Почему я называю нашей? Потому что спустя несколько часов пребывания воинской части в Ретцове раздалась команда: «По машинам». Перед дивизией стояла задача на максимальной скорости преследовать отступавшие к Эльбе фашистские части, не дать им уйти. В одной из машин, в кабине, рядом с капитаном Никитиным сидела я с маленьким узелком. Я уезжала навсегда из фашистского детского дома. Все дети провожали нас. Так я стала дочерью 795-го артиллерийского полка 82-й Краснознаменной орденов Суворова и Кутузова дивизии.
В свободное время Цейтлин Н. Е. учил меня русскому языку и математике, чтобы я, приехав на Родину, пошла не в первый класс. Я исправно выполняла поручения командования. Быстро освоила коммутатор. Служила переводчиком. Вскоре Цейтлина перевели в корпус и со мной стал заниматься Никитин Федор Порфирьевич — капитан, замначальника штаба. Он меня хотел после войны удочерить, если я не найду своих родителей.

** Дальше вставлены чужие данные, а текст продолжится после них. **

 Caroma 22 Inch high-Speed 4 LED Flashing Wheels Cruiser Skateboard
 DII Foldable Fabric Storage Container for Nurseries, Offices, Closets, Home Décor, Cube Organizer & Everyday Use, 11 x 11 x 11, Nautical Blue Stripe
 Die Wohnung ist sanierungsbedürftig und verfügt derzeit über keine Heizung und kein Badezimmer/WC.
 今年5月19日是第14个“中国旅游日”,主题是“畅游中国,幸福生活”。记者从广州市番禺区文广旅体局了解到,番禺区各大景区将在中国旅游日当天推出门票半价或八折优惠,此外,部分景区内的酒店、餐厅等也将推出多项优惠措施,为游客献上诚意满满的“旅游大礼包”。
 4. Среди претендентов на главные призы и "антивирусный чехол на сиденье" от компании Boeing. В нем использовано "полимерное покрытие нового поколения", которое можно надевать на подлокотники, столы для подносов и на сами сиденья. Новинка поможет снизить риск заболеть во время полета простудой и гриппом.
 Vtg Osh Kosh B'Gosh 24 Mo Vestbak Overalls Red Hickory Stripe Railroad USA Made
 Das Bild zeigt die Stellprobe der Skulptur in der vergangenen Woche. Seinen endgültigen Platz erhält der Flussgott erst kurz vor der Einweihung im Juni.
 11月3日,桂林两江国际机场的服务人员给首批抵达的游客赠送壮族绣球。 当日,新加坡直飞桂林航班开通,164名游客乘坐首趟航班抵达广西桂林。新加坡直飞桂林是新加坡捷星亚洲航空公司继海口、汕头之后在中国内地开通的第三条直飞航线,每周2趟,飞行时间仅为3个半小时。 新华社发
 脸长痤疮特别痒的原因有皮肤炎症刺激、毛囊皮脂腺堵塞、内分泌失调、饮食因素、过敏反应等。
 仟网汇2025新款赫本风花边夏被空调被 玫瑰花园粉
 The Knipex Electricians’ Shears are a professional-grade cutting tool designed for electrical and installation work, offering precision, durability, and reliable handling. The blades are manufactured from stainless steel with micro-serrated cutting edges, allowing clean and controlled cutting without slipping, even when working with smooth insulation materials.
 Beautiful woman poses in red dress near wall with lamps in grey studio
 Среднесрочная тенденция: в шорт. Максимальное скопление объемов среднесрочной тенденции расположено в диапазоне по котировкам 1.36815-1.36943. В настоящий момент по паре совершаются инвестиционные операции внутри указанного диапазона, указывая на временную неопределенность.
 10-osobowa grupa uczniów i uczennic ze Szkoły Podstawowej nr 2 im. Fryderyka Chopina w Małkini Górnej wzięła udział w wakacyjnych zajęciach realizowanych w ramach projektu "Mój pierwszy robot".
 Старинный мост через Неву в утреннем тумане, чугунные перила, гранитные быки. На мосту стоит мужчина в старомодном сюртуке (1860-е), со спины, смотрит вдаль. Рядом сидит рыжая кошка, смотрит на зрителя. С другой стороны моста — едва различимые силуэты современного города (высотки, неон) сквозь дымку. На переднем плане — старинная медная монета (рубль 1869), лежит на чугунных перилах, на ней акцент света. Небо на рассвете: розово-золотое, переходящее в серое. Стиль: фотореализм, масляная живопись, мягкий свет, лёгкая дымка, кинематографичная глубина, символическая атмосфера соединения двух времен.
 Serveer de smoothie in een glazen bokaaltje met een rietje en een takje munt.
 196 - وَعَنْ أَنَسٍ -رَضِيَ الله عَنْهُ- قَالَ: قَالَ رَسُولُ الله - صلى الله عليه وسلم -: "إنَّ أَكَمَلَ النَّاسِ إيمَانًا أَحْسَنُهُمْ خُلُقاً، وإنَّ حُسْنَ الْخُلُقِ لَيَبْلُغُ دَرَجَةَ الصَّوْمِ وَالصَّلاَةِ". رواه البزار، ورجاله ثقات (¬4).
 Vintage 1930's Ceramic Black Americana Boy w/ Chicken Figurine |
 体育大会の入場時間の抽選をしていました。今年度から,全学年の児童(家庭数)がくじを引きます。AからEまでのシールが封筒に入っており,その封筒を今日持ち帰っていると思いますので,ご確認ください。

Не знаю, как описать День Победы. Все обнимались, целовались, стреляли изо всех видов оружия вверх, плакали от радости. Рейхстаг изрешеченный, разбитый. На рейхстаге развевается наше Красное Знамя. Это надо было видеть. В груди была такая гордость за нашу страну, за наших солдат и офицеров! Эта Победа поистине была победой нашего Великого народа. Ее нельзя преуменьшить. Никакие союзники не отберут этой нашей Победы. Она наша. Наш народ ее завоевал. Каждый старался оставить на рейхстаге свой автограф. Воины написали на рейхстаге: «Мы сюда пришли, чтобы вы к нам больше не пришли» и мы расписались.